The proposal released in October by the Fed, the Federal Deposit Insurance Corp., the Office of the Comptroller of the Currency and the Securities and Exchange Commission drew more than 14,000 comments, ranging from a two-page letter of opposition by Michel Barnier, the European Union's financial services commissioner, to five letters of protest from the Securities Industry and Financial Markets Association totaling 379 pages.

'Such An Avalanche'

"I've never seen such an avalanche," said Douglas Landy, a banking partner at law firm Allen & Overy LLP in New York who has been following regulation for 18 years. The Volcker rule has become "the defining fight of this generation" in financial rulemaking, said Landy, whose firm represents Canadian and other foreign banks opposed to the rule.

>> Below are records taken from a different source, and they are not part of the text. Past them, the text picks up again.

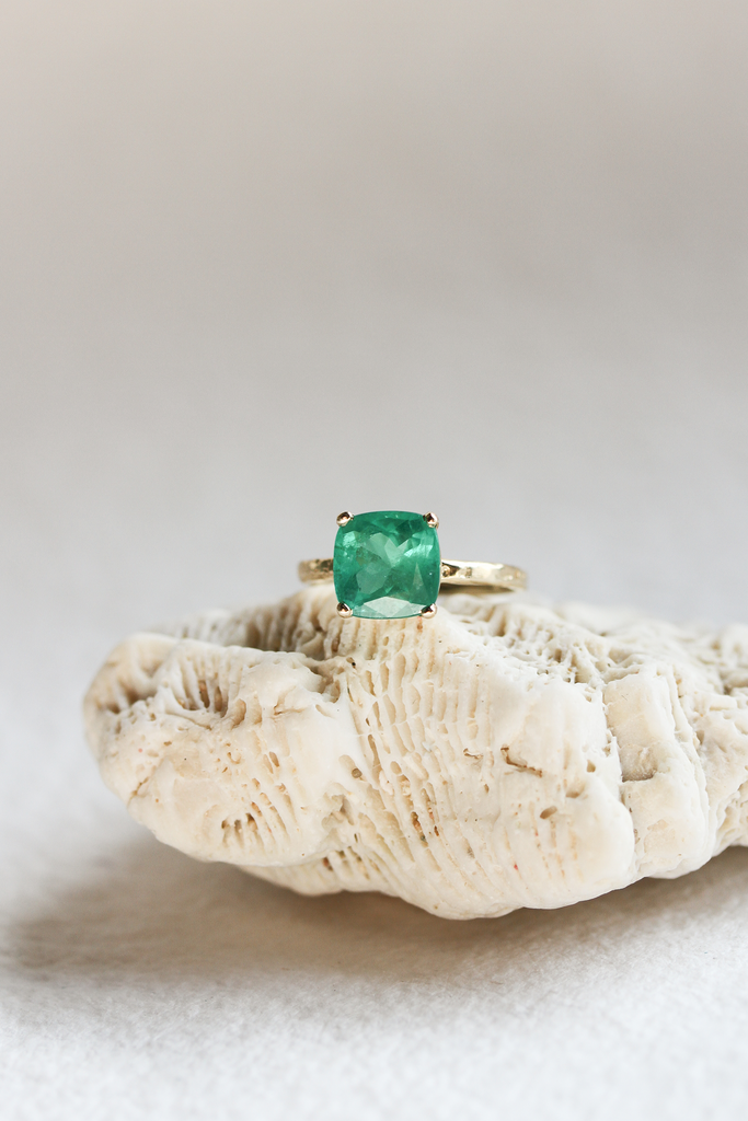 JP FOUR PRONG CUSHION CUT COLOMBIAN EMERALD TWIG RING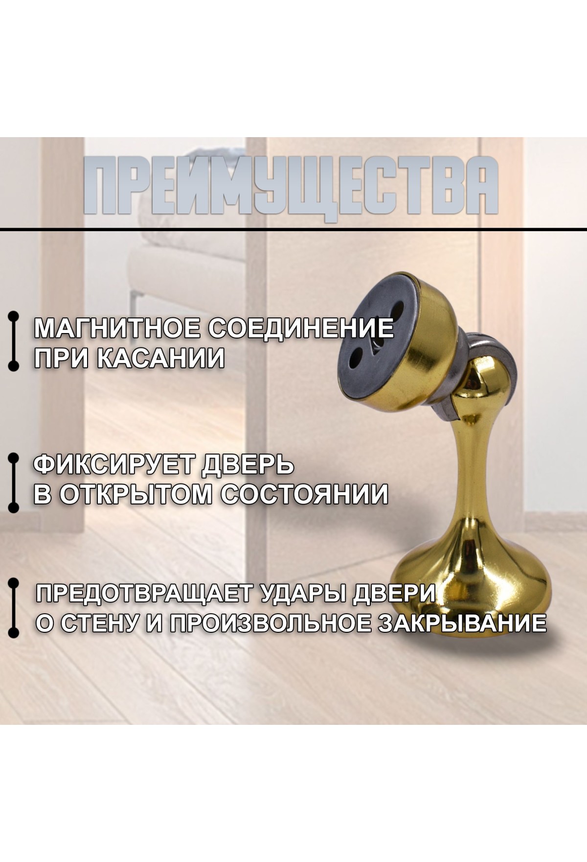 Этот инновационный напольный ограничитель позволит вам избежать повреждений вашей двери и защитить стену от нежелательных отметин. Упор для дверей имеет сильный магнитный механизм, который надежно фиксирует дверь и предотвращает ее несанкционированное движение. Крепится фиксатор дверной магнитный очень просто и быстро, не требуя дополнительного инструмента или технических навыков.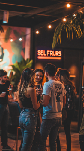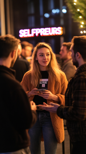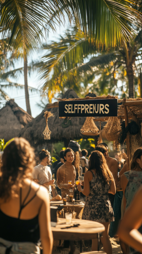 a community of selfpreneurs gathering together on event, selfpreneurs is a community of content creators that sold a digital product and have digital marketing & ai system to optimize theirs business models that runs semi passive income, on that gathering looks casual, enjoy, people talking each other, warm, in that event theres a signage "SELFPRENEURS" --ar 9:16 --v 6.1
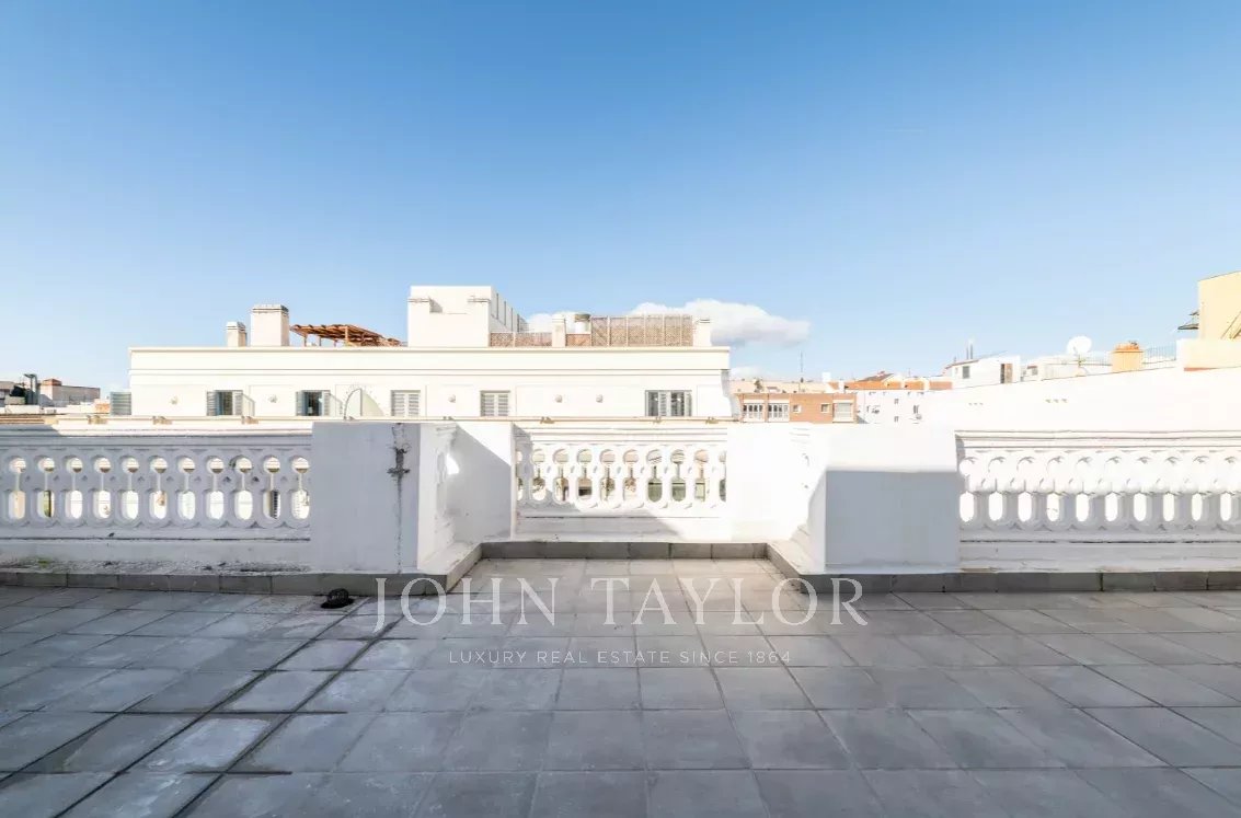 The property, located on the top floor of a representative stately building in Recoletos, stands out for its classic character, elegant entrance and excellent community. Its west orientation provides brightness throughout the day and absolute privacy, while the large terrace of 48 m² allows you to enjoy unique outdoor spaces with unobstructed views.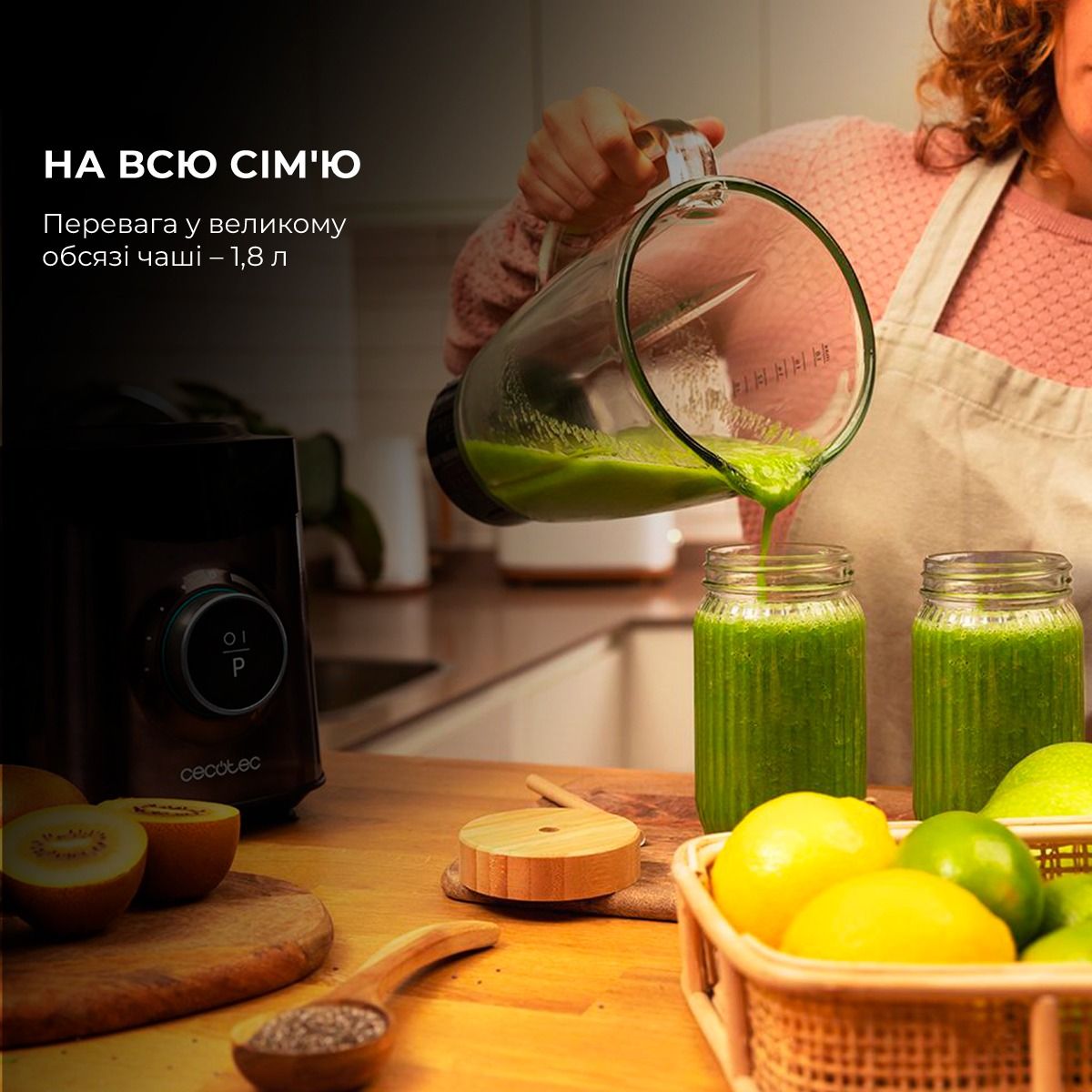 Вітаємо! Ви знайшли той самий блендер, який ідеально справляється із завданням приготувати смузі, крем-суп, коктейль чи пюре. CECOTEC Power Black Titanium 1800 Advance підійде для шанувальників простої, вишуканої гастрономії. Об’єм чаші 1,8 л дозволяє готувати суп або пюре відразу на кілька разів або велику компанію. Титанові леза і забезпечать ретельне подрібнення до однорідної консистенції, а програми допоможуть досягти бажаної текстури.
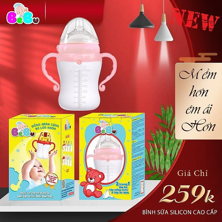 Bình Sữa BEBU 240ML Silicon Kháng Khuẩn – Hàng Chính Hãng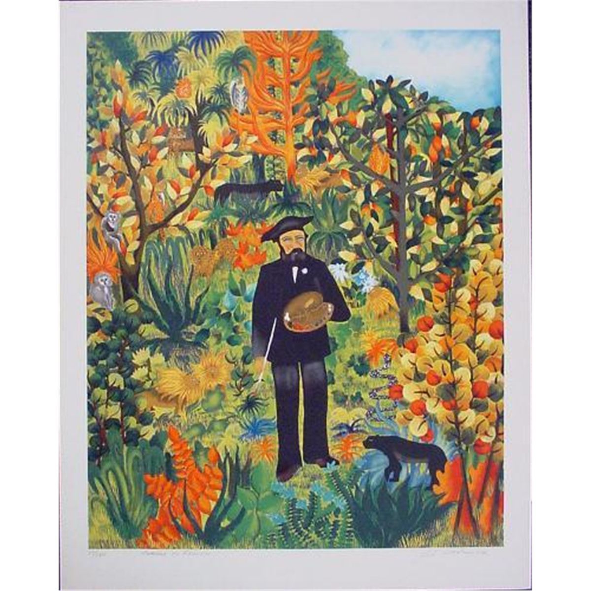 This interesting print, showing elements of many famous Henri Rousseau paintings (Self-Portrait from L'ile Saint Louis, The Dream and other images from the jungle paintings), is a fine art print on Arches like paper, signed by noted artist Lee Weihmuller: * Title: "Homage to Rousseau" written in pencil LL * Artist's signature in pencil LR * Numbered in pencil LL * Sheet size: 21½ × 27 * UL and LL corner creases readily matted out * Very good condition; bright and fresh * Certificate of Authenticity provided by Midwest Estate Buyers * * An art bargain!
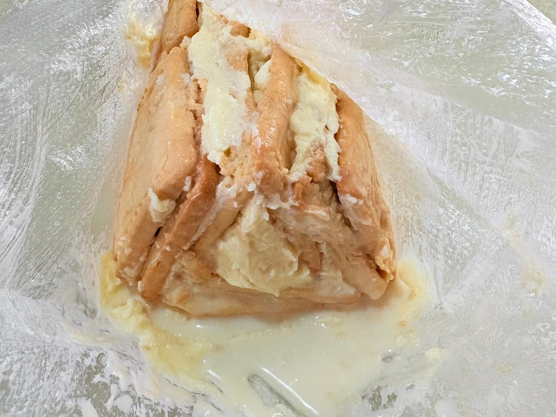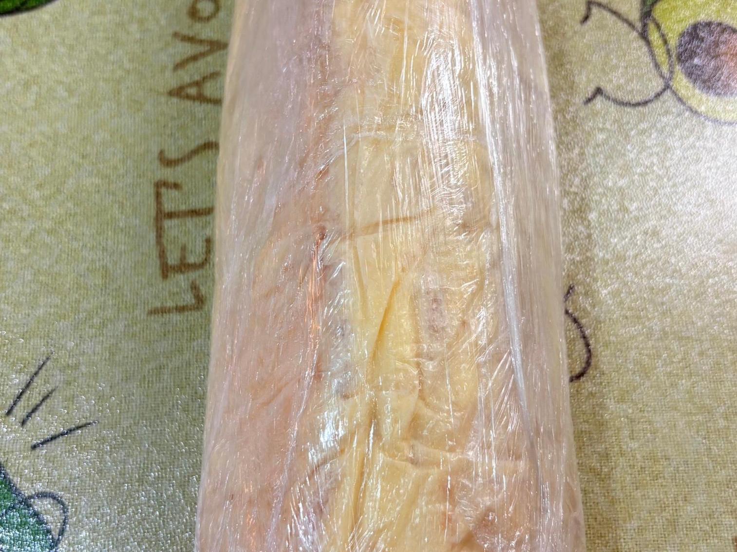 Using the bag, fold the outer rows so that it forms a »little hut« with the banana inside — a triangle. Wrap the bag tightly, you can additionally use plastic wrap so nothing leaks out and it holds its shape.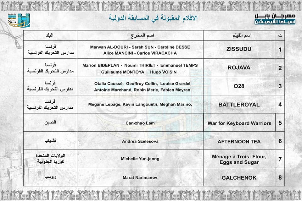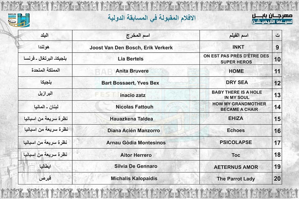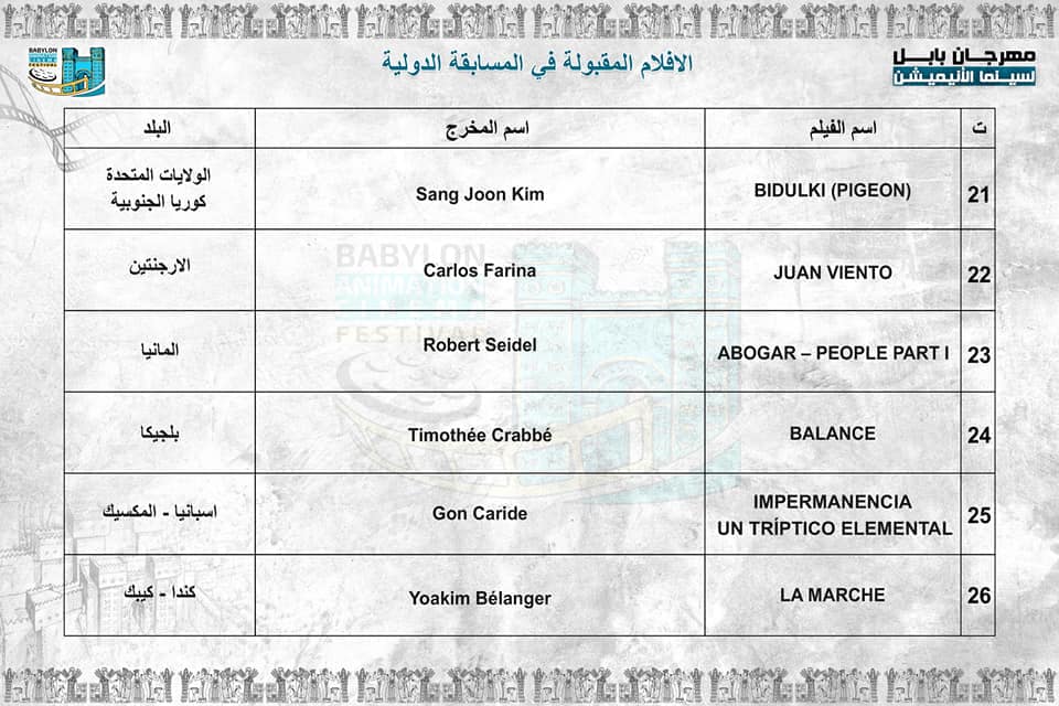 List of films accepted at the Babylon Animation Film Festival Within the works of the Babylon International Festival. For the year 2021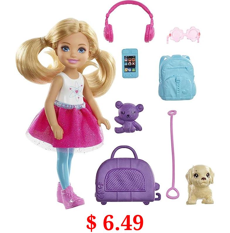 $ 6.49 Barbie Dreamhouse Adventures Doll & Accessories, Travel Set with Blonde Chelsea Small Doll, Puppy, Carrier & Backpack That Opens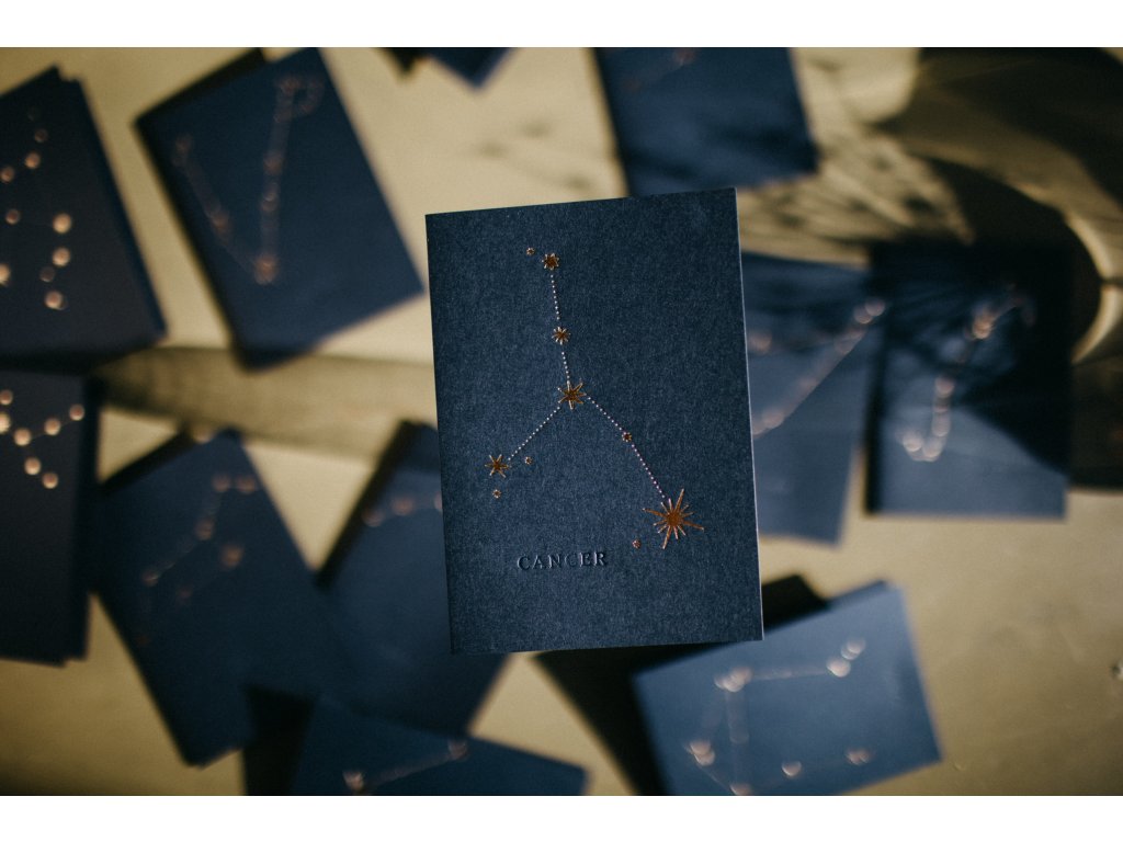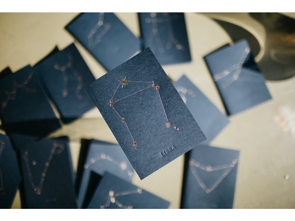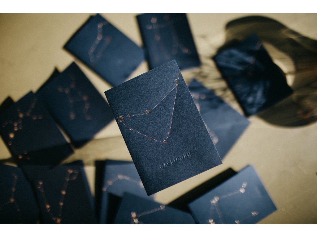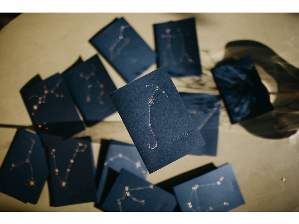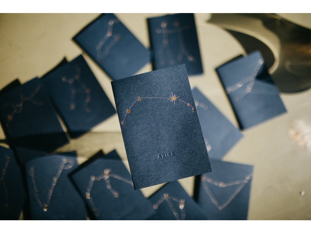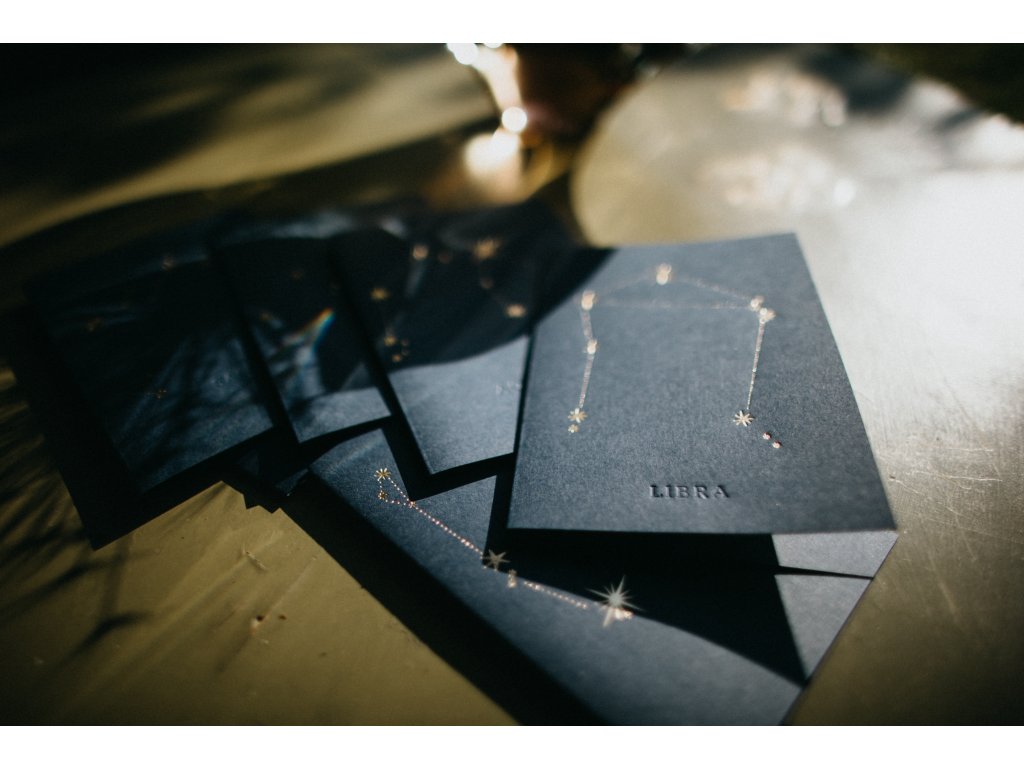 - pod souhvězdím, je decentně vyražen latinský název souhvězdí např. Leo, Virgo, Gemini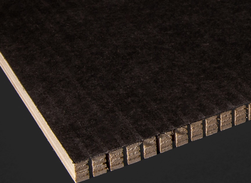 Kerfkore combines a unique base layer manufacturing process with our LTX Black Flexible Backer to create a highly flexible and extremely stable base layer that allows for fast and easy attachment of high-pressure laminates, veneers, metals and many other semirigid materials. When using Kerfkore, the decorative surfacing material can be applied while flat and then formed into the desired shape achieving a 3 1/2″ radius.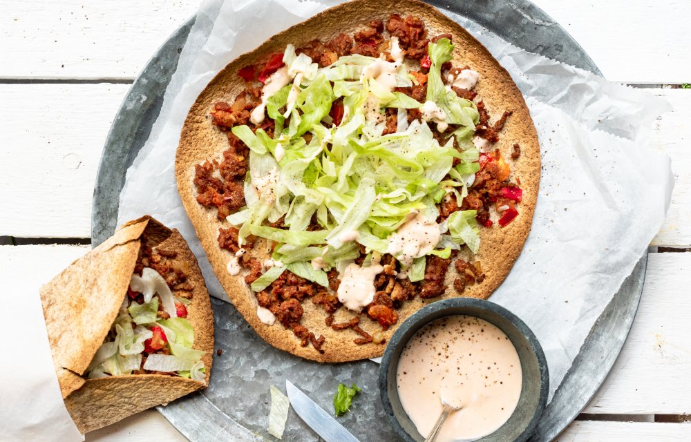 Wij kunnen geen genoeg krijgen van Big Mac’s! Vandaar dat we vandaag een nieuwe variant op dit heerlijke broodje maken; gezondere Big Mac-wraps! Je maakt dit gezondere fastfood met (vega) gehakt, cheddar, volkorenwraps en natuurlijk met een heerlijke saus!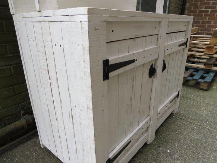 to be organized and well settled with all the kitchen things on their right places and this pallet kitchen cabinet unit is here to help you for storage purposes. The gorgeous looking pallet kitchen cabinet has been built with four cabinets in it two at the upper section of the unit and two at the lower part providing you a shelf gap between for some kitchen item’s display. The amazement increases more when the doors of the cabinets are opened as the inner space of the cabinets have been divided into more storage section using the shelves as the dividers.

Officials from Canada, Japan, the U.K. and the European Banking Federation sent letters to the U.S. Treasury Department and other regulators saying the measure would harm global liquidity and international cooperation. G-20 leaders haven't endorsed the rule, which exempts U.S. government debt but not non-U.S. government bonds.

'Limit The Scope'

Regulators should "limit the scope of the rule only to the territory of the United States," Barnier wrote. "The current exemption for non-U.S. banks as well as for activities outside of the U.S. would appear very restrictive."

Stuart Alderoty, senior executive vice president and general counsel for HSBC's North America Holdings unit, complained that the proposed rule "would apply not only to transactions with a U.S. counterparty, but also to transactions that have limited connections to the United States."

"As currently drafted," Alderoty said, "the proposed rule would limit the ability of our Hong Kong affiliate, which is independently capitalized, to purchase for its own account securities traded on a U.S. exchange, or trade for its own account utilizing a U.S. agent to effect a transaction."

Michael Williams, managing director of Credit Suisse Securities LLC, said the rule could hurt the U.S. economy.